» **THE DATA**
● ● ●

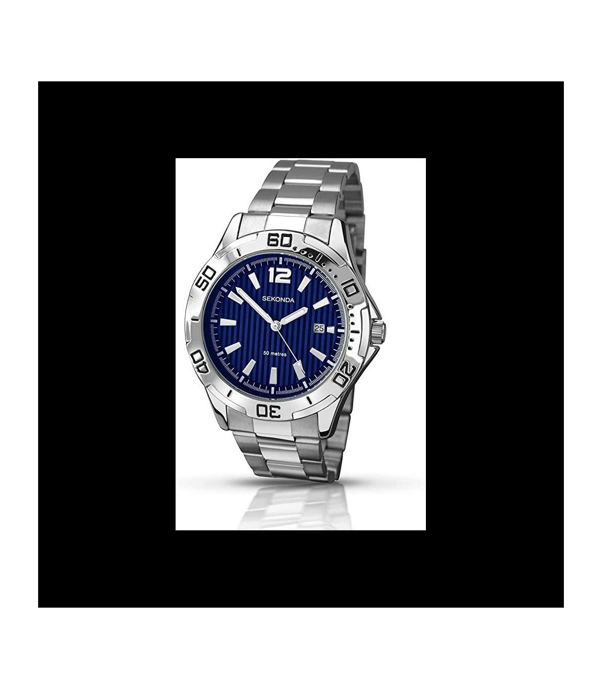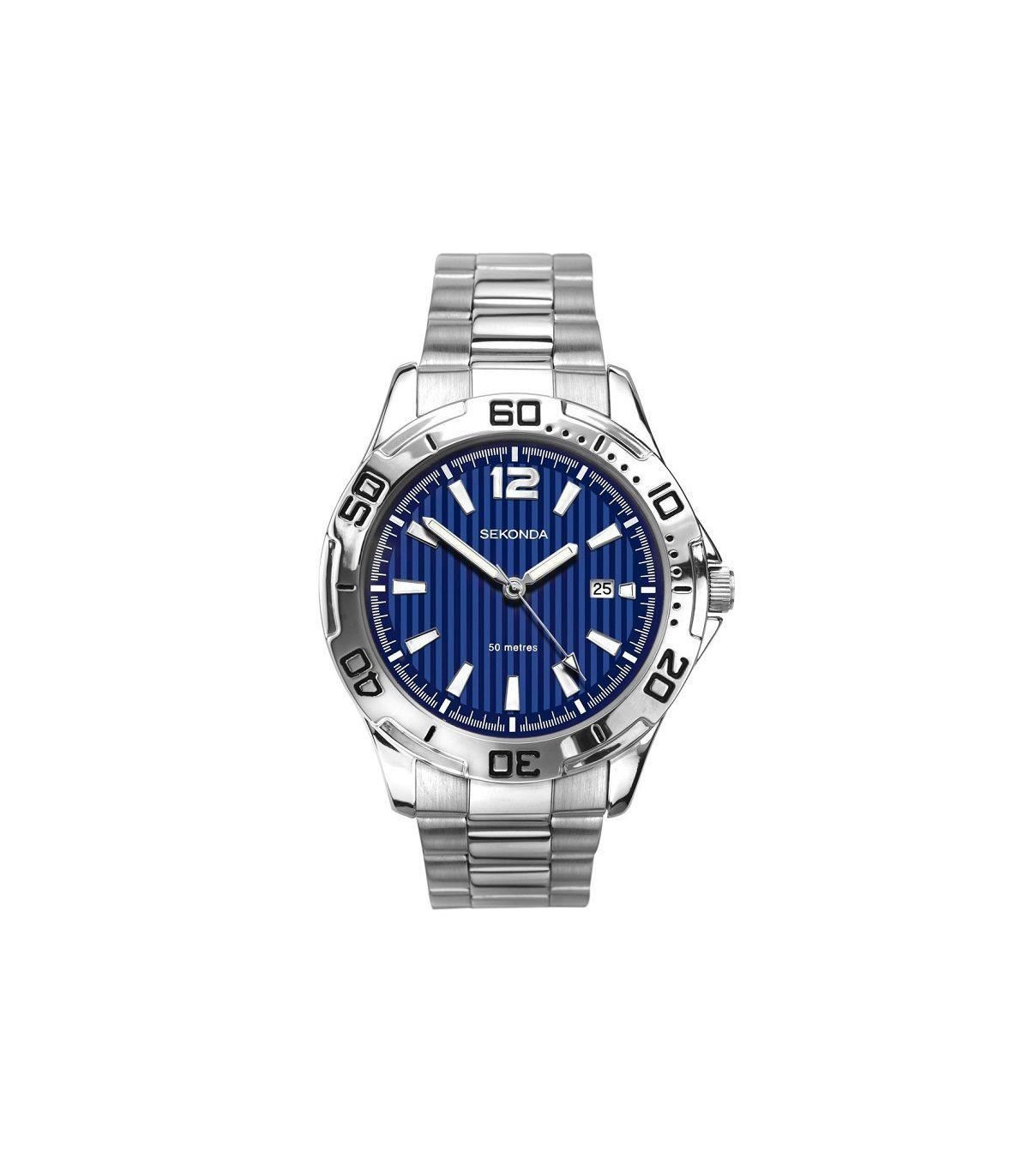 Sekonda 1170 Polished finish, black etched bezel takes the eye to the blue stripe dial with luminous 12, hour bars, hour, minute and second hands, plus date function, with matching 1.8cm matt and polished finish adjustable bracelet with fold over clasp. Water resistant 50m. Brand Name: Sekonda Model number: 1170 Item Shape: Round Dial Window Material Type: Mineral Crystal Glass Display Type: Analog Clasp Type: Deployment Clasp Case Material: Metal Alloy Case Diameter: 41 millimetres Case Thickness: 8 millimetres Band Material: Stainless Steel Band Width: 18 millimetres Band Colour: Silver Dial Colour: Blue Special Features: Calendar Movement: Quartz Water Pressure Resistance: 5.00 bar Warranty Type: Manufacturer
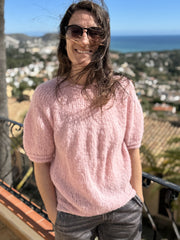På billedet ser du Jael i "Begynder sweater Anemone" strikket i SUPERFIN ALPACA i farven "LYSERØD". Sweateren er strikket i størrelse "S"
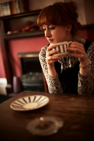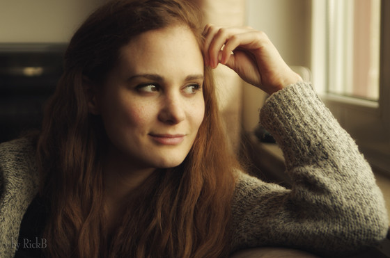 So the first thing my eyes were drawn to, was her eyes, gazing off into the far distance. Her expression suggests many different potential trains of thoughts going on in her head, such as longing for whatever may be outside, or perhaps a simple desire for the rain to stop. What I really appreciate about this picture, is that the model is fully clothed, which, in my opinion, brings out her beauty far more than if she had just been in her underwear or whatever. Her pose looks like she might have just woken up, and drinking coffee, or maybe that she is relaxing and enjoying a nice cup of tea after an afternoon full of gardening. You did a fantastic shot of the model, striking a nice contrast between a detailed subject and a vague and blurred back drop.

● ● ●

Leave out the pictures and repeat exactly the lines from the first line of the data through the line containing "På billedet ser". Add nothing else.

» **YOUR SOLUTION**
 Sekonda 1170 Polished finish, black etched bezel takes the eye to the blue stripe dial with luminous 12, hour bars, hour, minute and second hands, plus date function, with matching 1.8cm matt and polished finish adjustable bracelet with fold over clasp. Water resistant 50m. Brand Name: Sekonda Model number: 1170 Item Shape: Round Dial Window Material Type: Mineral Crystal Glass Display Type: Analog Clasp Type: Deployment Clasp Case Material: Metal Alloy Case Diameter: 41 millimetres Case Thickness: 8 millimetres Band Material: Stainless Steel Band Width: 18 millimetres Band Colour: Silver Dial Colour: Blue Special Features: Calendar Movement: Quartz Water Pressure Resistance: 5.00 bar Warranty Type: Manufacturer
På billedet ser du Jael i "Begynder sweater Anemone" strikket i SUPERFIN ALPACA i farven "LYSERØD". Sweateren er strikket i størrelse "S"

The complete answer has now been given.